#### Task item
Only one stretch of the data below is needed: the line with "次のシーンでは「STAND UP!」の歌" through the last line. Output it exactly and drop the pictures.

#### Dataset section

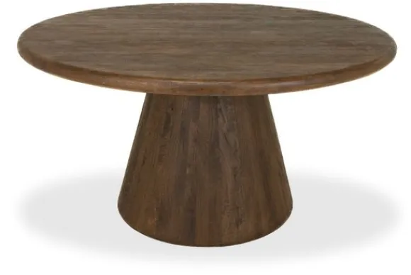 Eettafel Asti van het merk Tower Living omarmt de warmte van natuurlijk design met zijn rijke bruine mangohout en ronde vorm. Het solide tafelblad rust op een brede, taps toelopende poot, waardoor het geheel een krachtige maar vloeiende uitstraling krijgt. De zichtbare houtstructuur geeft elke tafel een uniek karakter, met subtiele nuances die het ambacht voelbaar maken.
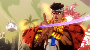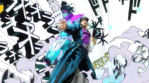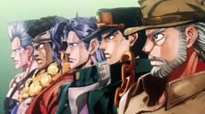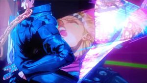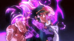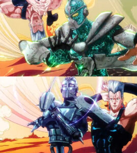 次のシーンでは「STAND UP!」の歌詞に合わせて、ジョセフから順番に各キャラクターがスタンドを繰り出します。アヴドゥルは手を十字型にしてスタンドを出すことが多いですが、ここでは指を立てていました。
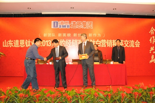 3月19日,被國家化工行業(yè)生產(chǎn)力促進(jìn)中心譽(yù)為國內(nèi)同行業(yè)樣板工程的道恩鈦業(yè)公司迎來了來自全國各地的54個鈦白粉經(jīng)銷商,參加山東道恩鈦業(yè)(2013)簽約經(jīng)銷商暨鈦白營銷精英交流會,鈦白專家、清華大學(xué)教授崔愛莉,中國化工報(bào)首席記者姜小毛也應(yīng)邀出席了會議。
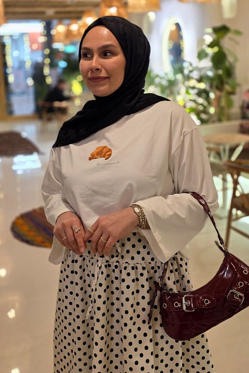 Ekru Kruvasan Baskılı Basic Body

#### Response area
 次のシーンでは「STAND UP!」の歌詞に合わせて、ジョセフから順番に各キャラクターがスタンドを繰り出します。アヴドゥルは手を十字型にしてスタンドを出すことが多いですが、ここでは指を立てていました。
 3月19日,被國家化工行業(yè)生產(chǎn)力促進(jìn)中心譽(yù)為國內(nèi)同行業(yè)樣板工程的道恩鈦業(yè)公司迎來了來自全國各地的54個鈦白粉經(jīng)銷商,參加山東道恩鈦業(yè)(2013)簽約經(jīng)銷商暨鈦白營銷精英交流會,鈦白專家、清華大學(xué)教授崔愛莉,中國化工報(bào)首席記者姜小毛也應(yīng)邀出席了會議。
 Ekru Kruvasan Baskılı Basic Body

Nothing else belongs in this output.